According to Joanne King, an associate director at the Queens Library, the impetus for WorldLinQ started with the realization that many library visitors could not access or even search library resources in their native languages, if their language used a non-Roman alphabet such as Hindi or Cyrillic (most western languages, including English, use a Roman alphabet.)
As a result, WorldLinQ relies on staff librarians with expertise in their respective language fields to validate and compile information sources in 14 languages - Arabic, Bengali, Chinese, Croatian, Czech, French, Greek, Hebrew, Italian, Korean, Romanian, Russian, Spanish and Ukrainian.
The validation process is particularly important, since librarians are able to filter out web sites with biased or objectionable content before they are added to WorldLinQ, pointed out King.
Staff members have also noticed that the audience for WorldLinQ has grown outside of its own walls. Nearly all of the current users visit the website from a computer outside of the library. In 2007, WorldLinQ received more than 2.4 million visitors. In January 2008 alone, there were more than 317,000 visits.

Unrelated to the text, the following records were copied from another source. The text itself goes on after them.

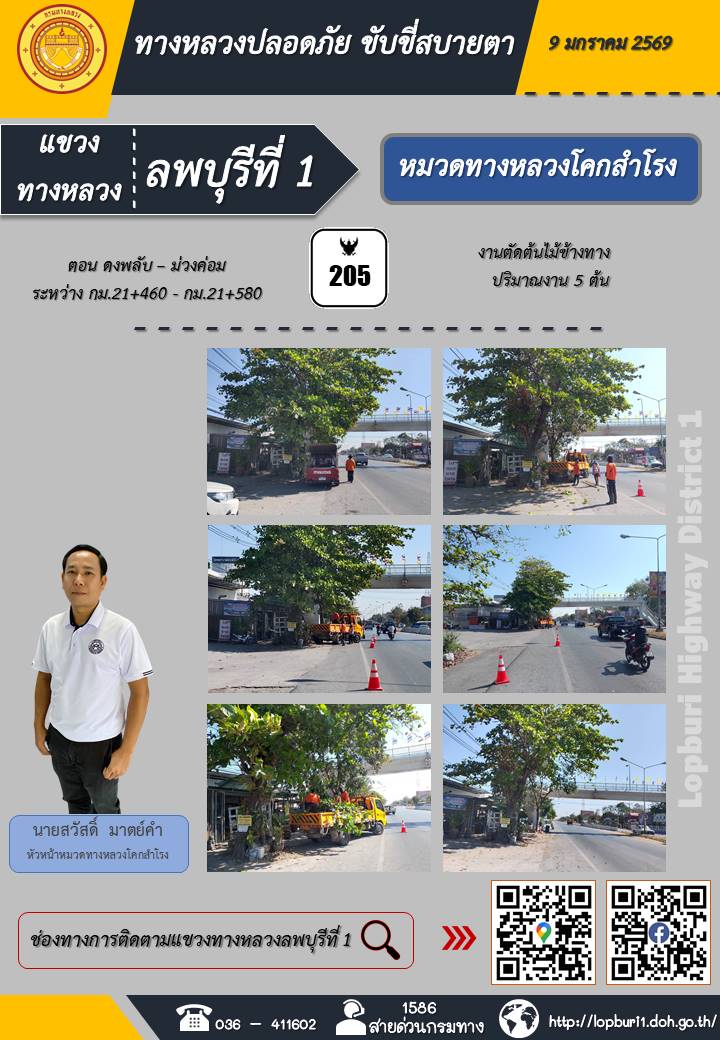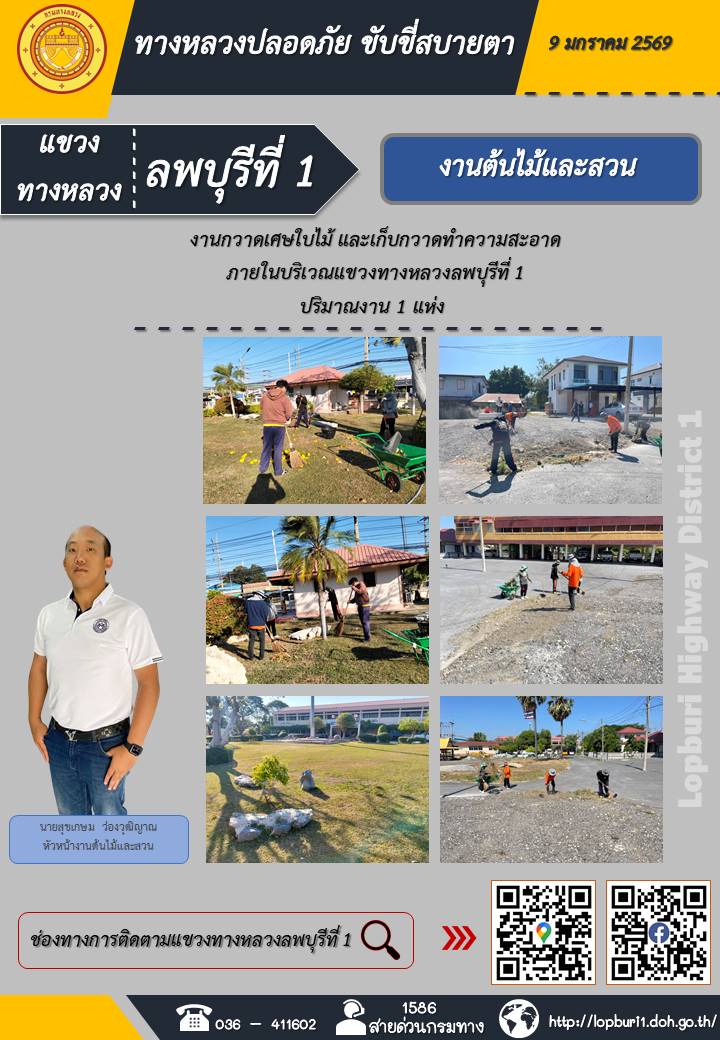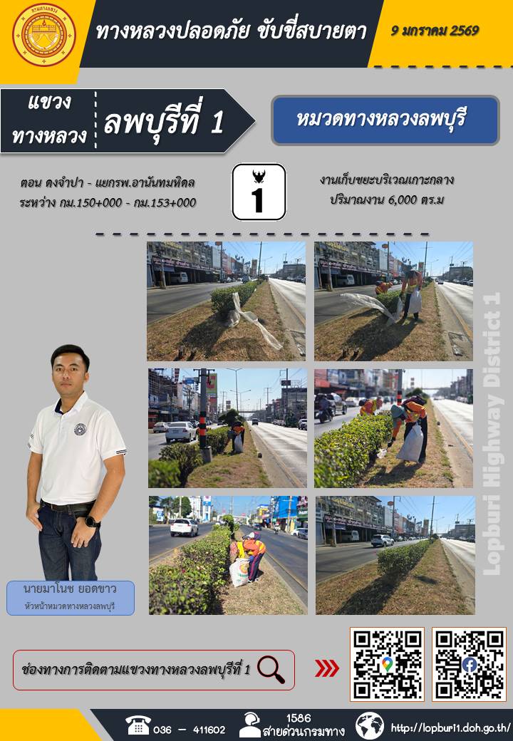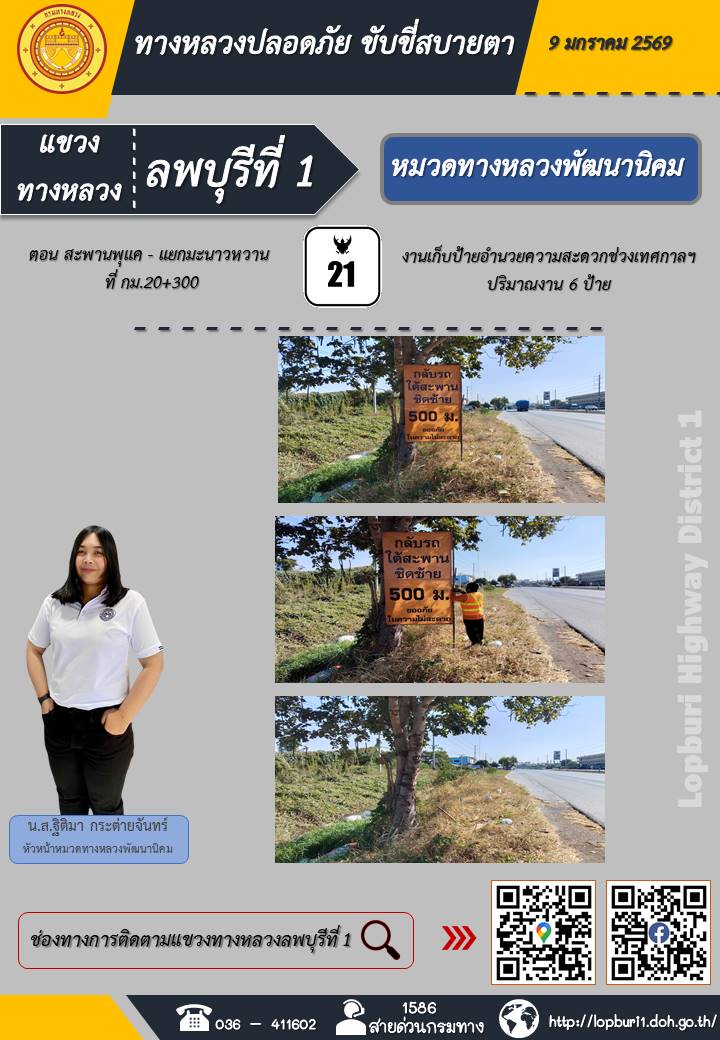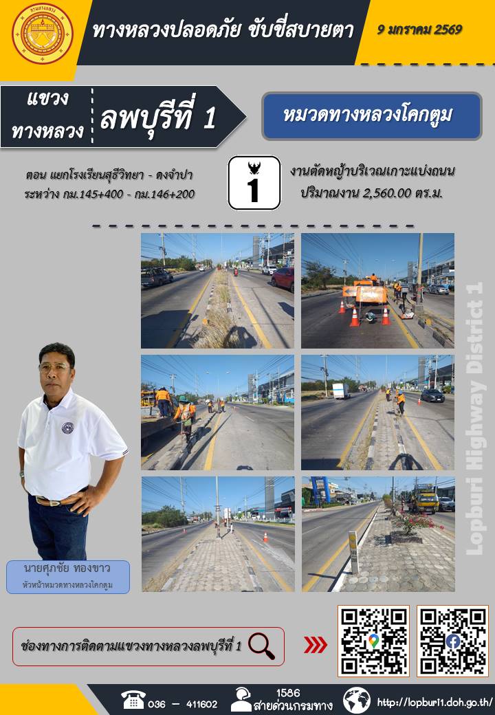 ทางหลวงปลอดภัยขับขี่สบายตา แขวงทางหลวงลพบุรีที่ 1 ประจำวันที่ 9 มกราคม 2569
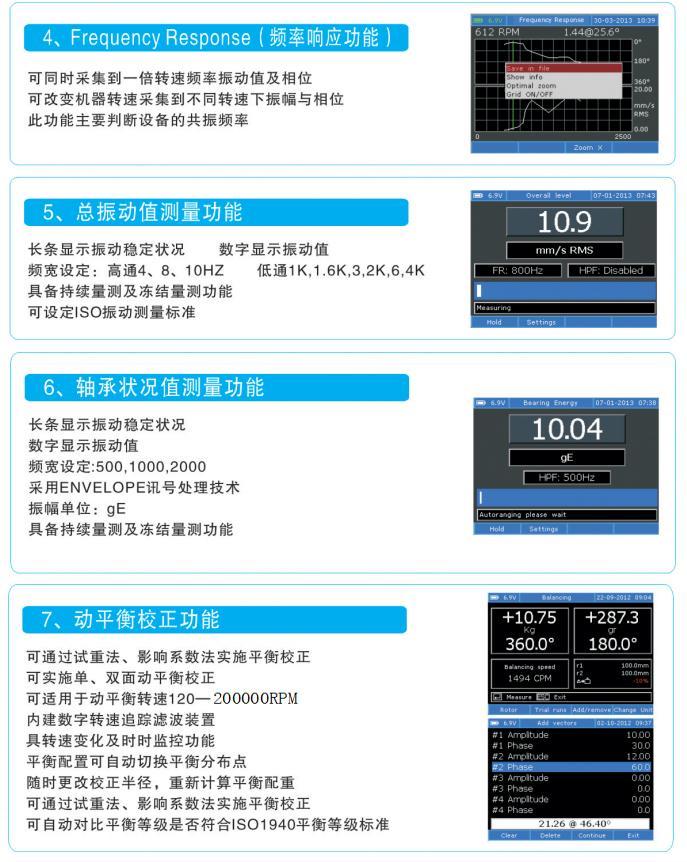 支持振動分析和現(xiàn)場動平衡功能,滿足多種設(shè)備維護(hù)需求。
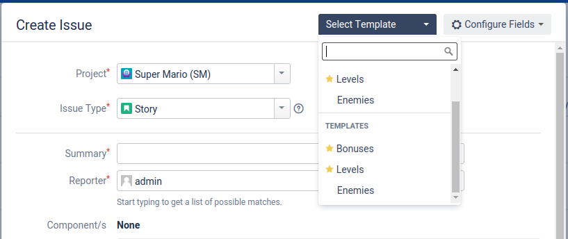 5. | Scope | Restricts Template’s visibility. The Template will be available only for projects, issue types, groups, owners, and users specified in the Scope. |
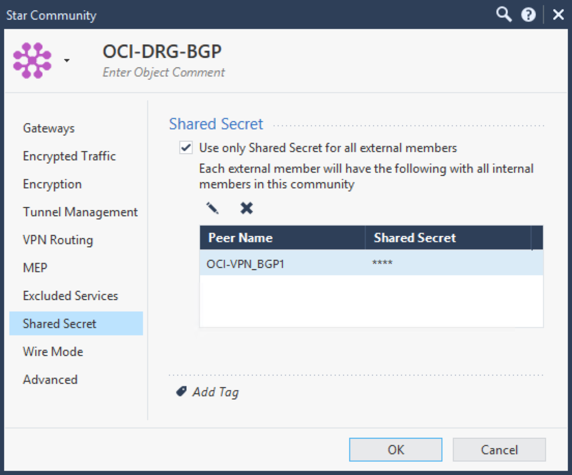 On the Shared Secret page, select Use only Shared Secret for all external members, and add the shared secret that Oracle generated for the tunnel when creating the IPSec connection.
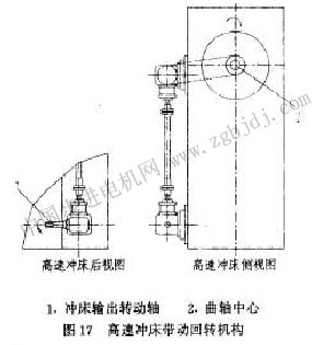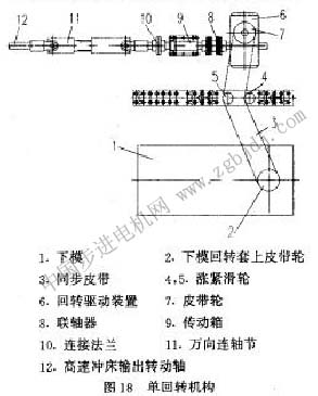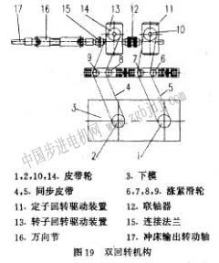 鐵心上每片沖片要轉(zhuǎn)動(dòng)規(guī)定角度(一般為大角度)再疊鉚。其沖制過(guò)程是,沖床每沖一次,模具內(nèi)定、轉(zhuǎn)子沖片落料部分的回轉(zhuǎn)套轉(zhuǎn)動(dòng)規(guī)定角度,每次轉(zhuǎn)動(dòng)的規(guī)定角度要精確。沖片沖下后就被疊鉚在鐵心上,接著鐵心再轉(zhuǎn)動(dòng)規(guī)定的角度。這里回轉(zhuǎn)是以每一沖片的鉚點(diǎn)數(shù)為基礎(chǔ)的沖制過(guò)程。這種疊片方法可以補(bǔ)償鐵心疊片寬度方向的厚度變化。帶動(dòng)模具內(nèi)回轉(zhuǎn)套轉(zhuǎn)動(dòng)的形式采用由高速?zèng)_床曲軸運(yùn)動(dòng)所輸送出來(lái)的轉(zhuǎn)動(dòng),如圖17所示,通過(guò)萬(wàn)向節(jié)、連接法蘭和聯(lián)軸器等分別帶動(dòng)轉(zhuǎn)子回轉(zhuǎn)驅(qū)動(dòng)裝置和定子回轉(zhuǎn)驅(qū)動(dòng)裝置,然后通過(guò)各自驅(qū)動(dòng)裝置的皮帶輪帶動(dòng)同步皮帶,器同步皮帶再帶動(dòng)下模中轉(zhuǎn)子回轉(zhuǎn)套上的皮帶輪和定子回轉(zhuǎn)套上的皮帶輪,最后帶動(dòng)回轉(zhuǎn)套上的轉(zhuǎn)子落料凹模和定子落料凹模轉(zhuǎn)動(dòng)。在模具上回轉(zhuǎn)形式可分為單回轉(zhuǎn)(見(jiàn)圖18) 和雙回轉(zhuǎn)。單回轉(zhuǎn)指轉(zhuǎn)子落料部分回轉(zhuǎn)或者定子落料部分回轉(zhuǎn)的形式,雙回轉(zhuǎn),如圖19所示,即轉(zhuǎn)子落料部分和定子落料部分同時(shí)進(jìn)行回轉(zhuǎn)的形式。定、轉(zhuǎn)子鐵心沖片之間旋轉(zhuǎn)角度是根據(jù)沖片的形狀不同而采用不同的旋轉(zhuǎn)角度,一般有45度、60度、72度、90度、180度等幾種形式。

Although the library does not officially track which individual websites patrons follow on WorldLinQ due to privacy concerns, it regularly tallies language selections in order to gauge patron usage.
So far this year, the most popular foreign language choices are - Arabic, French, Chinese, Spanish and Czech. Librarians noted that Arabic and French appear to have picked up strong interest lately, but were unsure whether the popularity reflected new immigration patterns within Queens or merely other websites linking to WorldLinQ.